We can eliminate $$\lambda$$ and $$\lambda_{\mu}$$ using the two constraints again.

Using the normalization condition, we obtain, $$e^{-(1+\lambda)} = \frac{1}{\int_x e^{-x\lambda_{\mu}} dx},$$ then the maximum-entropy distribution $$p^{\ast}(x) = \frac{e^{-x\lambda_{\mu}}}{\int_y e^{-y\lambda_{\mu}} dy},$$ that is the exponential distribution.

The value of $$\lambda_{\mu}$$ can be determined using the condition $$\mu \equiv \int_x x p^{\ast}(x) dx = \frac{\int_x x e^{-x\lambda_{\mu}} dx}{\int_y e^{-y\lambda_{\mu}} dy}.$$

So far, we have said nothing about the range of x. This equation has a solution only if all $$x$$ are positive.

Now, we remember that $$\int_0^{\infty} e^{-\lambda_{\mu} x} dx = \frac{1}{\lambda_{\mu}}$$

and

$$\int_0^{\infty} x\, e^{-\lambda_{\mu} x} dx = \frac{1}{\lambda_{\mu}^2}.$$

(You can find these results in Spiegel’s manual).

The solution is $$\mu = \frac{1/\lambda_{\mu}^2}{1/\lambda_{\mu}} = \frac{1}{\lambda_{\mu}}.$$

Thus, the exponential distribution $$p(x) = \frac{1}{\mu} e^{-x/\mu} \quad x\geq 0,$$ is the maximum entropy distribution amongst all distributions in the $$[0,\infty)$$ range that have mean $$\mu$$.

### When you know the standard deviation

If what we know is the standard deviation of the distribution ($$\sigma$$), then there is a different condition (and it corresponding Lagrange multiplier $$\lambda_{\sigma}>0$$) in the optimization method

For

$$L = \int_y p(y) \log\frac{1}{p(y)} dy -\lambda \left(\int_y p(y) dy - 1\right) -\lambda_{\sigma} \left(\int_y (y-\mu)^2 p(y) dy - \sigma^2\right)$$

where $$\mu$$ and $$\sigma$$ are the parameters of the Gaussian distribution. it is not a fixed value.

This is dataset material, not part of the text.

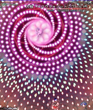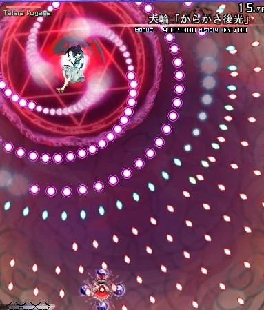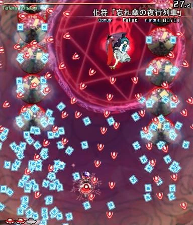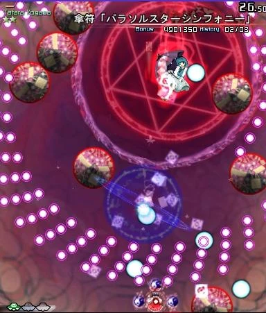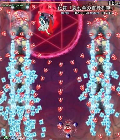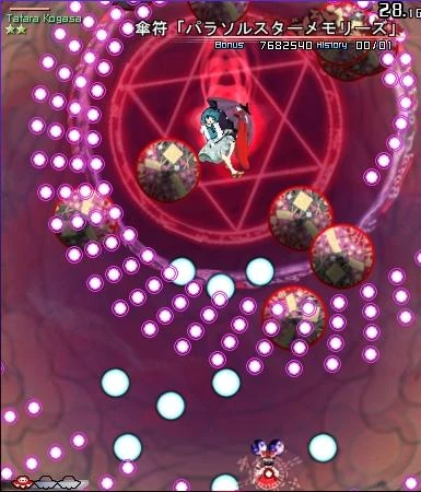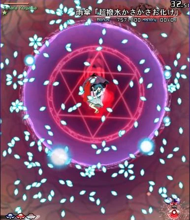 | Comentario: | El nombre de esta spellcard es un juego de palabras. "Sequedad" ("kasakasa") es una repetición de la palabra "paraguas" ("kasa"). |

We are only imposing to known standard deviation $$\sigma$$. In this case, optimization implies,

$$\left.\frac{d L}{d p(x)}\right|_{p(x)=p^\ast(x)} = 0.$$

or

$$\log\frac{1}{p^{\ast}(x)} - 1 - \lambda - \lambda_{\sigma}(x-\mu)^2 = 0.$$

That is,

$$\log\frac{1}{p^{\ast}(x)} = 1 + \lambda + \lambda_{\sigma}(x-\mu)^2.$$

Taking the exponential in both sides of the equation, we have

$$p^{\ast}(x) = e^{-(1+\lambda) - (x-\mu)^2\lambda_{\sigma}}.$$

Using the normalization condition, we obtain, $$e^{-(1+\lambda)} = \frac{1}{\int_x e^{-(x-\mu)^2\lambda_{\sigma}} dx},$$

then

$$p^{\ast}(x) = \frac{e^{-(x-\mu)^2\lambda_{\sigma}}}{\int_y e^{-(y-\mu)^2\lambda_{\sigma}} dy},$$

that is the Gaussian distribution.

The value of $$\lambda_{\sigma}$$ can be determined using the condition $$\sigma^2 \equiv \int_x (x-\mu)^2 p(x) dx = \frac{\int_x (x-\mu)^2 e^{-(x-\mu)^2\lambda_{\sigma}} dx}{\int_y e^{-(y-\mu)^2\lambda_{\sigma}} dy}.$$

Now, we remember that

$$\int_{-\infty}^{\infty} e^{-(x-\mu)^2\lambda_{\sigma}} dx = \sqrt{\frac{\pi}{\lambda_{\sigma}}}$$ and $$\int_{-\infty}^{\infty} (x-\mu)^2 e^{-(x-\mu)^2\lambda_{\sigma}} dx = \sqrt{\frac{\pi}{\lambda_{\sigma}}} \frac{1}{2\lambda_{\sigma}}.$$

(You can find these results in Spiegel’s manual).

The solution is $$\sigma^2 = \frac{1}{2\lambda_{\sigma}}.$$

Thus, the Gaussian distribution

$$p(x) = \frac{1}{\sqrt{\pi/\lambda_{\sigma}}}\ e^{-(x-\mu)^2\lambda_{\sigma}} = \frac{1}{\sqrt{2\pi\sigma^2}}\ e^{-\frac{(x-\mu)^2}{2\sigma^2}},$$

is the maximum entropy distribution amongst all distributions in the $$(-\infty,\infty)$$ range that have variance $$\sigma^2$$.

In summary, when you want to model a set of observations with a probability distribution, them maximum entropy principle tells you that if you don’t know anything about the probability of the different outcomes, you should use a uniform distribution, if you know the mean, the maximum entropy distribution is an exponential distribution, and if you know the standard deviation the maximum entropy distribution is the Gaussian distribution.